======== TASK DATA ========
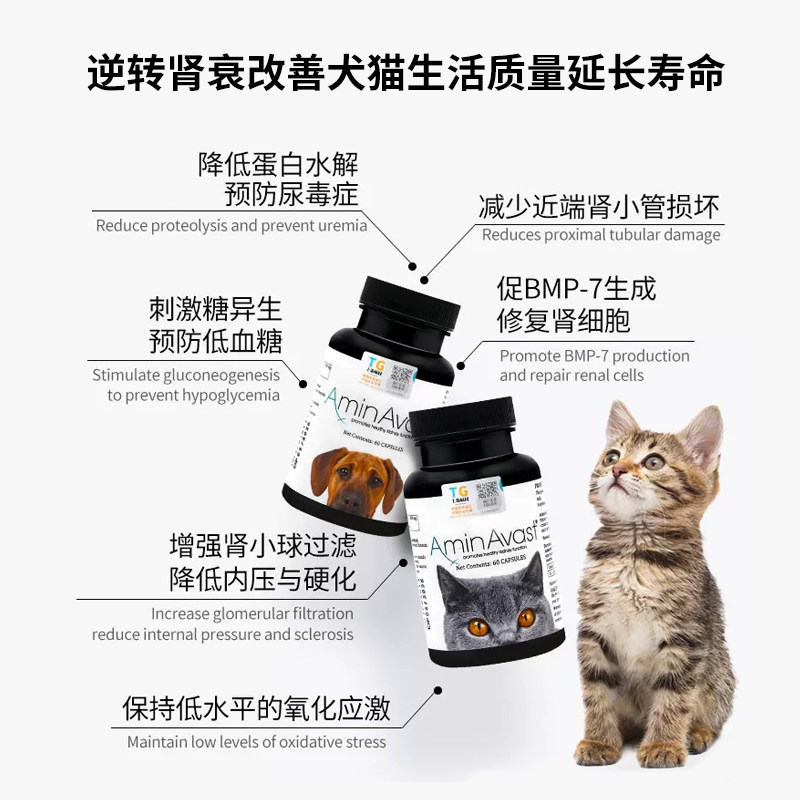 📚 美国AminAvast胺肾狗猫慢性肾衰犬降磷肌酐护肾透损伤衰竭安心停
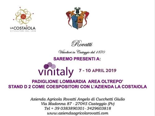 Azienda Agricola Angelo Rovatti partecipa a Vinitaly 2019 come co-espositore con la Costaiola, al padiglione Lombardia (Piano 1, Stand 2). |
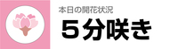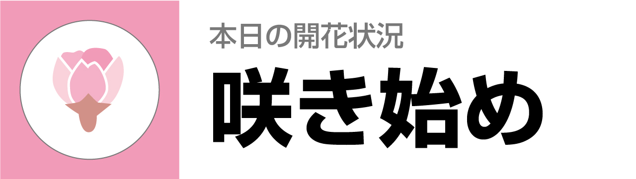 - 本日より桜の開花状況をアップいたします。開花状況に応じて更新してまいりますので、ご来場の目安にしていただければ幸いです。
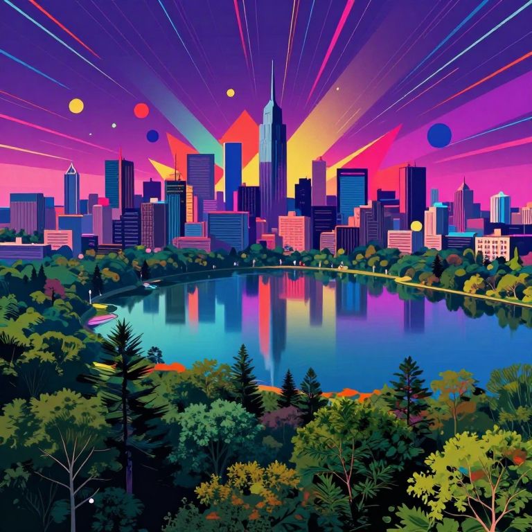 Visualize an urban dreamscape where a cityscape, adorned with towering skyscrapers, morphs into an abstract terrain under the influence of a surreal substance. From a low viewpoint, gaze upwards at the sky and buildings that seem to flow like liquid wax, capturing the unsettling sensation of a vivid dream. Dominated by intense colors, hues shift erratically across the cityscape, forming a captivating symphony of shapes and forms. This mesmerizing visual, blurring the lines between reality and imagination, evokes fascination and apprehension as it invites viewers to delve into the enigmatic realms of their subconscious minds.
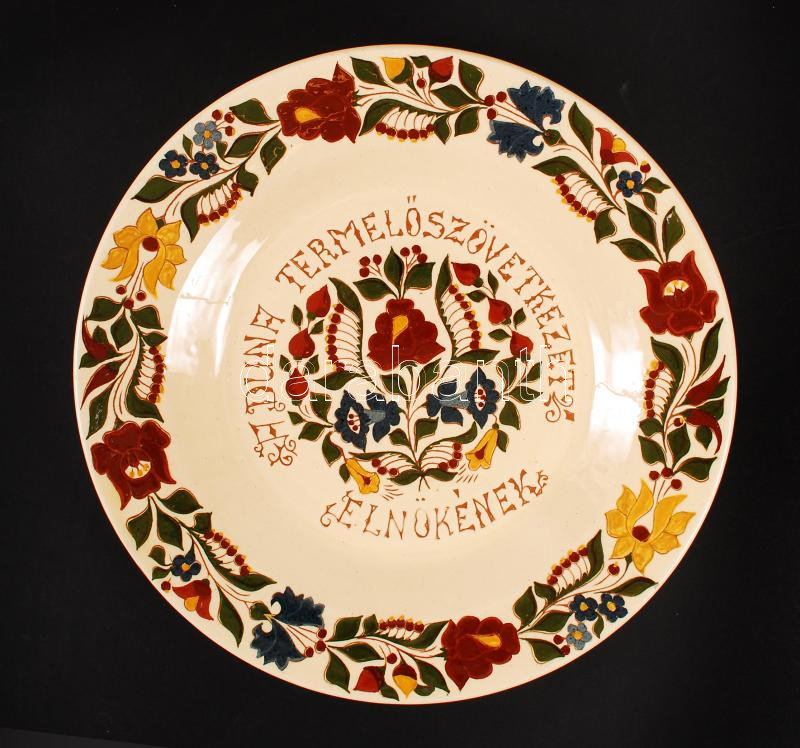 Leírás: Nagy méretű gazdagon díszített fazekas dísztál " A Duna termelőszövetkezet elnökének" felirattal, hibátlan, jelzés nélkül, d:35 cm
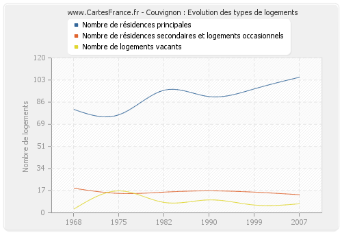 En 2007 les logements de Couvignon étaient composés de 105 résidences principales, 14 résidences secondaires ou occasionnels ainsi que 7 logements vacants.
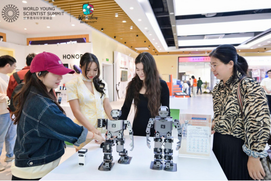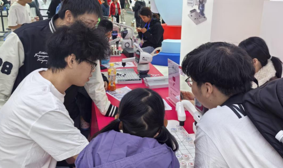 在人工智能潮品区,仿生机器人、AI围棋等黑科技产品让学生们叹为观止,亲身体验了人机交互的无限可能;在前沿科技艺术展区,智能机器人、机器狗与赛博朋克风格的装置艺术完美融合,激发了同学们对科技与艺术跨界应用的无限遐想。
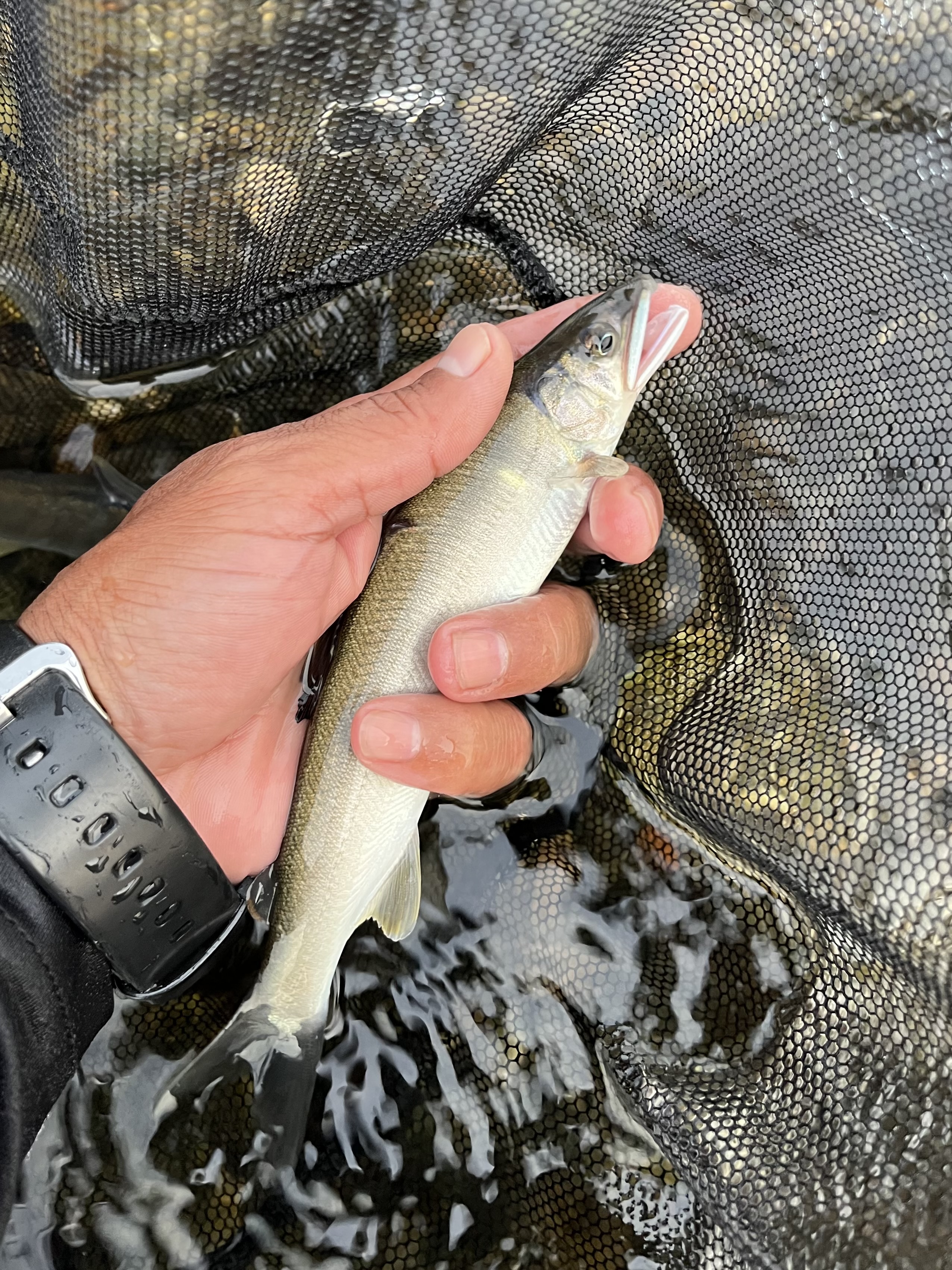 少しずつ釣り下りながら良さそうな所を狙っているとポツポツ掛かるもバラしも多くなかなか数も伸びず…
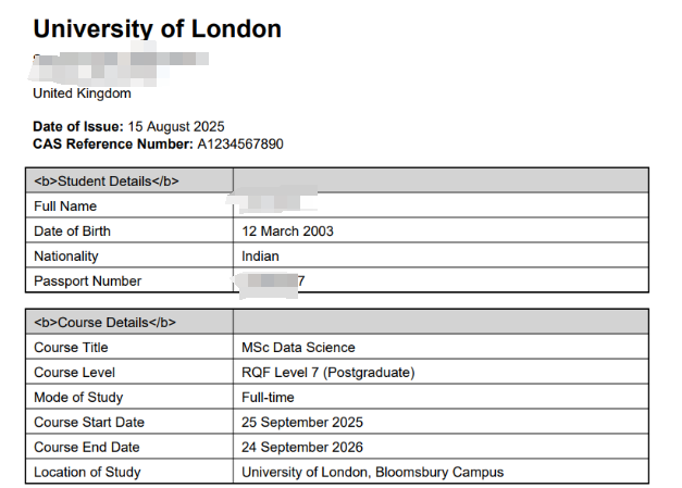CAS 上会包含你的个人信息、课程名称和起止时间、学费金额、已缴费用以及学校的担保资质等。它的主要作用是证明你确实获得了合法合规的录取资格,英国移民局会依此判断你是否符合学生签证的申请条件。
========
**TRY IT**:
What you return should be the whole listing, word for word, without its pictures.

**RESPONSE BELOW**:
 📚 美国AminAvast胺肾狗猫慢性肾衰犬降磷肌酐护肾透损伤衰竭安心停
 Azienda Agricola Angelo Rovatti partecipa a Vinitaly 2019 come co-espositore con la Costaiola, al padiglione Lombardia (Piano 1, Stand 2). |
 - 本日より桜の開花状況をアップいたします。開花状況に応じて更新してまいりますので、ご来場の目安にしていただければ幸いです。
 Visualize an urban dreamscape where a cityscape, adorned with towering skyscrapers, morphs into an abstract terrain under the influence of a surreal substance. From a low viewpoint, gaze upwards at the sky and buildings that seem to flow like liquid wax, capturing the unsettling sensation of a vivid dream. Dominated by intense colors, hues shift erratically across the cityscape, forming a captivating symphony of shapes and forms. This mesmerizing visual, blurring the lines between reality and imagination, evokes fascination and apprehension as it invites viewers to delve into the enigmatic realms of their subconscious minds.
 Leírás: Nagy méretű gazdagon díszített fazekas dísztál " A Duna termelőszövetkezet elnökének" felirattal, hibátlan, jelzés nélkül, d:35 cm
 En 2007 les logements de Couvignon étaient composés de 105 résidences principales, 14 résidences secondaires ou occasionnels ainsi que 7 logements vacants.
 在人工智能潮品区,仿生机器人、AI围棋等黑科技产品让学生们叹为观止,亲身体验了人机交互的无限可能;在前沿科技艺术展区,智能机器人、机器狗与赛博朋克风格的装置艺术完美融合,激发了同学们对科技与艺术跨界应用的无限遐想。
 少しずつ釣り下りながら良さそうな所を狙っているとポツポツ掛かるもバラしも多くなかなか数も伸びず…
CAS 上会包含你的个人信息、课程名称和起止时间、学费金额、已缴费用以及学校的担保资质等。它的主要作用是证明你确实获得了合法合规的录取资格,英国移民局会依此判断你是否符合学生签证的申请条件。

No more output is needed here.